◆ WHAT IS BEING ASKED: Upon reaching the line that contains "Lewat kerja sama" in the records below, begin repeating every line exactly through the last one, skipping pictures.

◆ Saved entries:
★ ★ ★ ★ ★ ★ ★

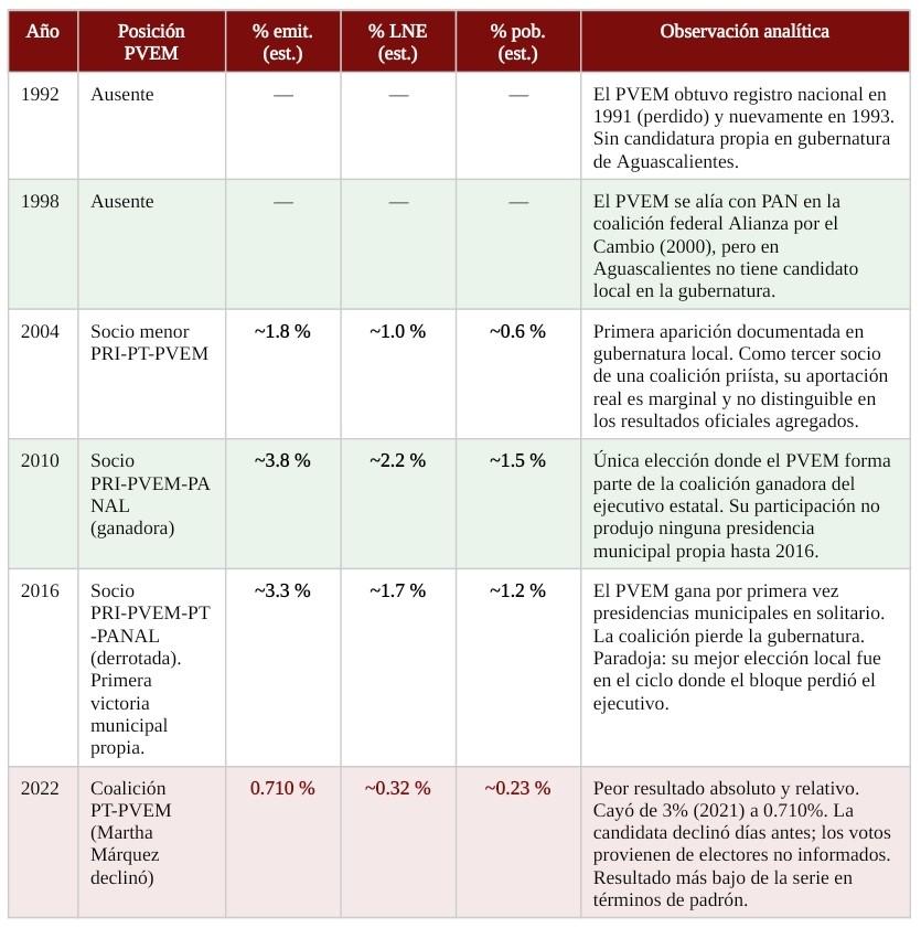 Durante doce años de 2004 a 2016, el PVEM fue parte de las coaliciones priístas en Aguascalientes. En 2004 como tercer socio de una coalición derrotada. En 2010 como parte de la única coalición que ganó la gubernatura en ese periodo. En 2016 nuevamente en una coalición derrotada por un margen estrecho. En los tres casos el PVEM no puso el candidato, no definió la agenda y no capitalizó los resultados en términos de representación en el ejecutivo estatal. Su ganancia fue institucional prerrogativas, visibilidad en la boleta, diputaciones de RP, no política.
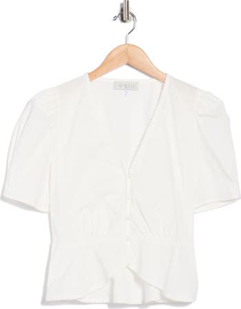 Delicate lace trim fuels the sweetness of a pure-cotton top that flares out into a darling peplum sure to charm any audience.
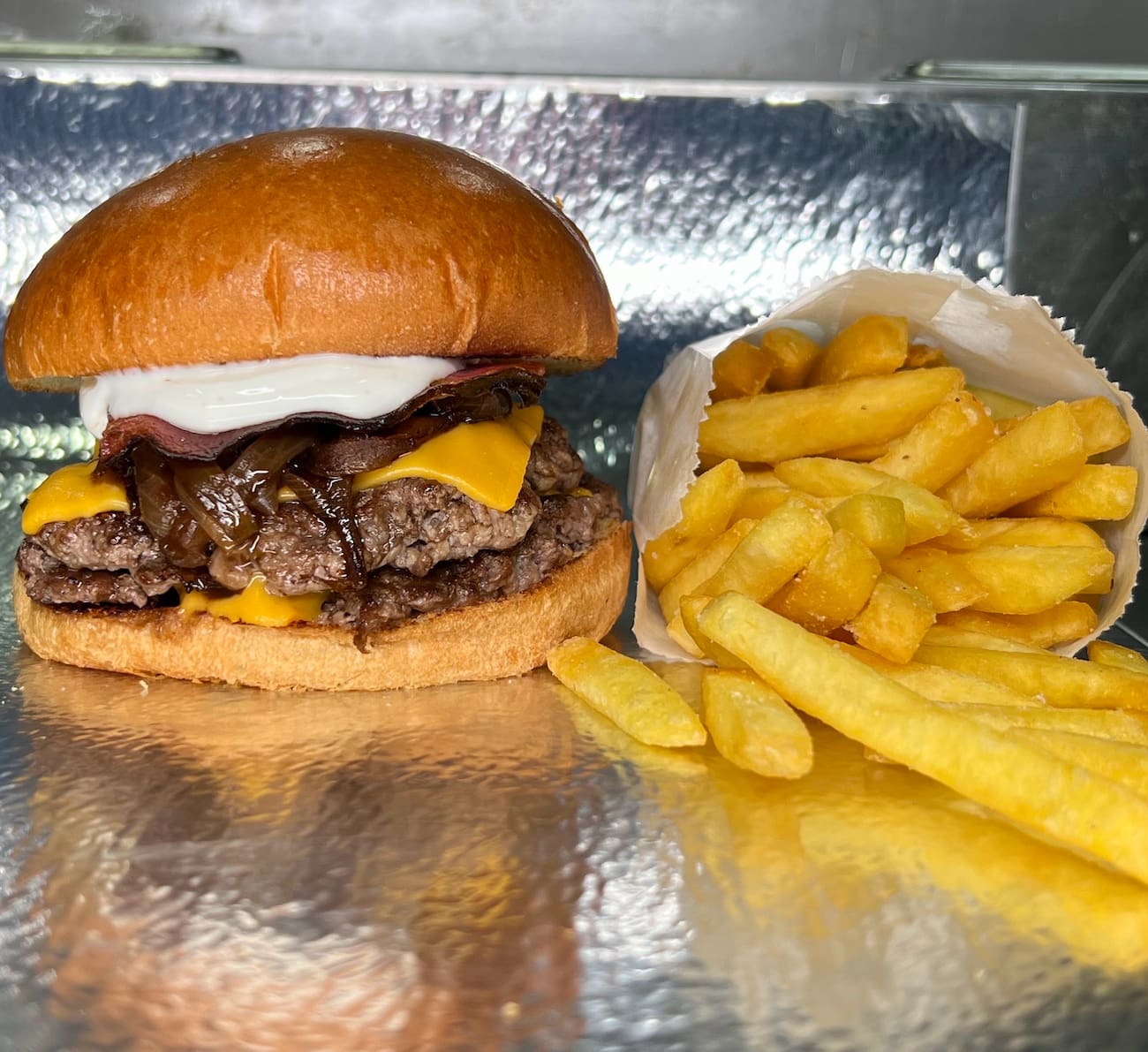 Pão brioche especial, 2 Hamburguer 80g, Molho Aioli Original, Queijo cheddar, Cebola Caramelizada.
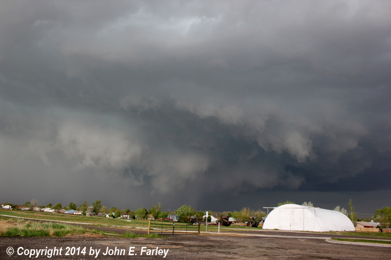 Shortly after taking the above picture, I video very low clouds and hail shafts wrapping around it, appearing to pass just north of Bennett.
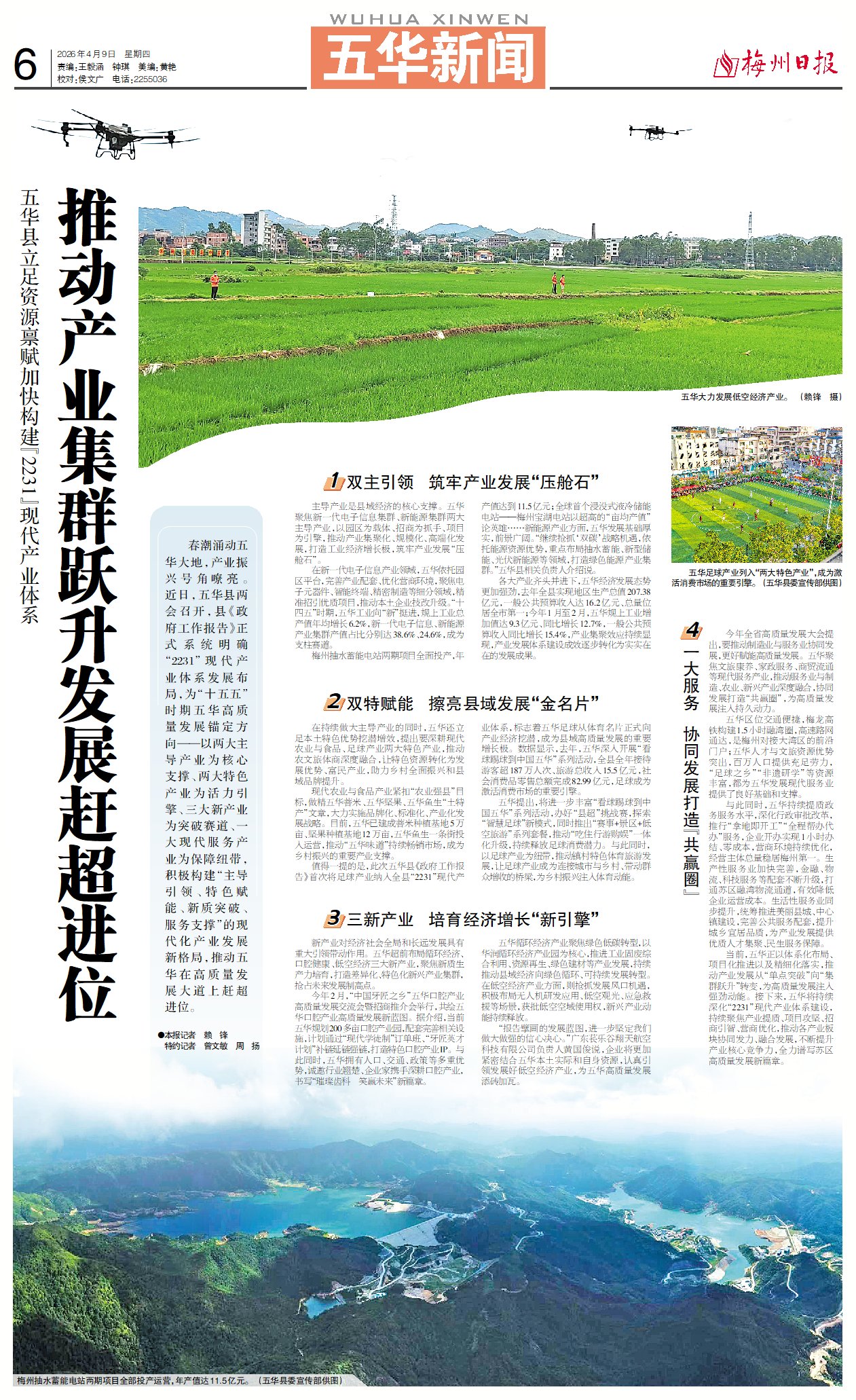 春潮涌动五华大地,产业振兴号角嘹亮。近日,五华县两会召开,县《政府工作报告》正式系统明确“2231”现代产业体系发展布局,为“十五五”时期五华高质量发展锚定方向——以两大主导产业为核心支撑、两大特色产业为活力引擎、三大新产业为突破赛道、一大现代服务产业为保障纽带,积极构建“主导引领、特色赋能、新质突破、服务支撑”的现代化产业发展新格局,推动五华在高质量发展大道上赶超进位。
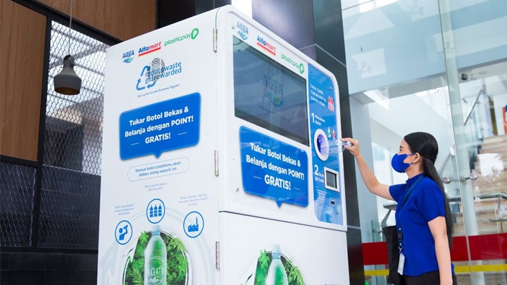 Lewat kerja sama Danone-AQUA dengan Alfamart dan PlasticPay menghadirkan Reverse Vending Machine (RVM) atau Mesin Penukaran Botol plastik pasca-konsumsi guna mempermudah pengelolaan sampah botol plastik. Menariknya lewat mesin ini, botol plastik yang ditukarkan bisa menjadi poin Gopay hingga ShopeePay.
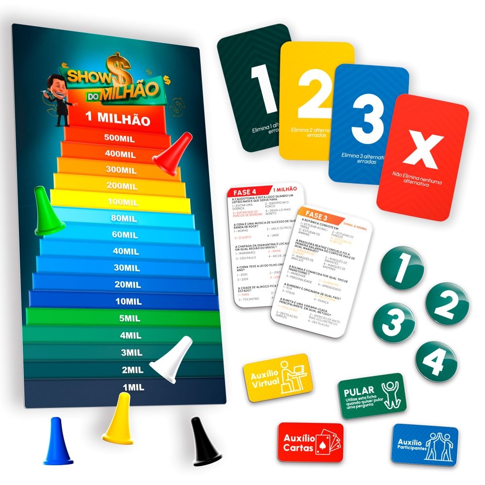 O JOGO SHOW DO MILHÃO traz toda a ADRENALINA e o brilho dos estúdios de televisão direto para a sua família. Com mais de 800 perguntas desafiadoras, prepare-se para testar seus conhecimentos e descobrir quem é o verdadeiro gênio da casa!

★ ★ ★ ★ ★ ★ ★

◆ FINISHED EXERCISE:
 Lewat kerja sama Danone-AQUA dengan Alfamart dan PlasticPay menghadirkan Reverse Vending Machine (RVM) atau Mesin Penukaran Botol plastik pasca-konsumsi guna mempermudah pengelolaan sampah botol plastik. Menariknya lewat mesin ini, botol plastik yang ditukarkan bisa menjadi poin Gopay hingga ShopeePay.
 O JOGO SHOW DO MILHÃO traz toda a ADRENALINA e o brilho dos estúdios de televisão direto para a sua família. Com mais de 800 perguntas desafiadoras, prepare-se para testar seus conhecimentos e descobrir quem é o verdadeiro gênio da casa!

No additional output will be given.